Шрифт:
Интервал:
Закладка:
«Кто громко смеется, тот нахал, – говорит Рази, – те же, кто смеются, закашливаясь или задыхаясь, – тираны». «Если голос во время смеха изменяется, то это служит признаком надменности, скупости, жестокости, лживости и склонности к измене», – говорит Михаил Скот.
«Тот, у кого тонкие губы и кто, хотя и смотрит весело, но смеется мало, должен быть сластолюбивым человеком. Без умолку смеющийся рот – признак злого, лживого, развратного, скрытного и язвительного человека, которому никто не должен доверяться, – говорит Альберт Великий, – потому что смех рта в соединении со смехом глаз, всегда гадок и свойствен именно женщинам». «Умеренный смех обличает людей доброжелательных, мирных, благоразумного поведения», – говорит Рази. По словам М. Скота, люди эти ловки, проницательны, обладают ясным умом, смышлены и трудолюбивы.

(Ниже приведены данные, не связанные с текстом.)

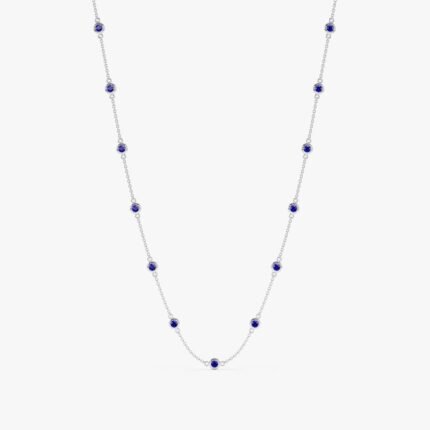 A stunning 18k solid gold necklace featuring multi blue sapphires set in a station design, offering a vibrant and elegant touch to any outfit.
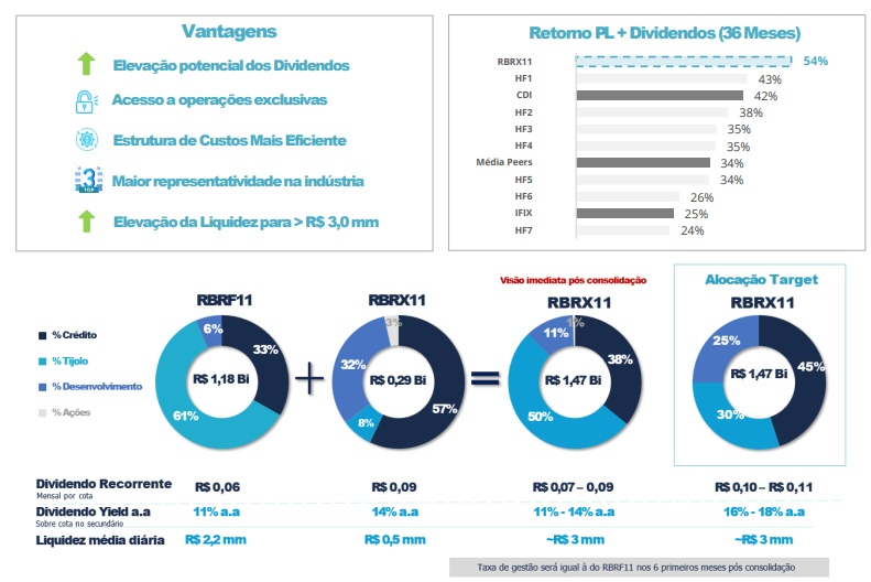 Com tantos FIIs no mercado, é natural que a movimentação de incorporação de FIIs aumente. Desse modo, eu vejo como positivo a incorporação de RBRF11 pelo RBRX11. Assim, teremos mais um grande Hedge Fund no mercado.

Исократ пишет, что Платон был такого строгого нрава, и в лице его было столько сдержанности, что его никогда не видели смеющимся, – подобно тому, как и Клазомеца. О Крассе мы читаем, что он имел такой суровый вид и такие строгие привычки, что не смеялся никогда в жизни.
Иезуит Гонорий Никеций[50]в посвященной смеху главе, после множества приведенных им цитат в пользу смеха, становится уже отчасти на почву физиологии:
… Происходит внезапное расширение сердца и большое разлитие жизненных духов, тотчас и возбуждающее мышцы груди и грудобрюшной преграды. Вслед за движением этих частей наступает движение мускулов, находящихся по бокам щеки, и таким образом происходит движение лица, известное под именем смеха и служащее для выражения душевной радости. Кто желает знать об этом подробнее, пусть прочтет прекрасное исследование о смехе Элпидия Берретария Присценского.
К смеху наиболее склонны сангвиники и холерики, т. е. люди более горячего темперамента, и потому у греков смех называется γελωζ, от ελη, что значит жар.
Никеций оспаривает старинное мнение, по которому селезенка признавалась источником смеха, – мнение произвольно сложившееся благодаря той боли в селезенке, которую мы иногда испытываем после долгого смеха, или быть может придуманное в соответствие той теории, по которой печень считалась седалищем страдания:
Cor sapit et putro loquitur, fel commocet iram.
Splen ridere facit, cogit amare jecur.
(Сердце наслаждается, легкие говорят, желчь возбуждает гнев, селезенка вызывает смех, а печень заставляет любить.)
И в другом месте:
Quid faciam? Sed sum petulanti splene cachinno.
(Что мне делать? Впрочем я хохотун с необузданной селезенкой.)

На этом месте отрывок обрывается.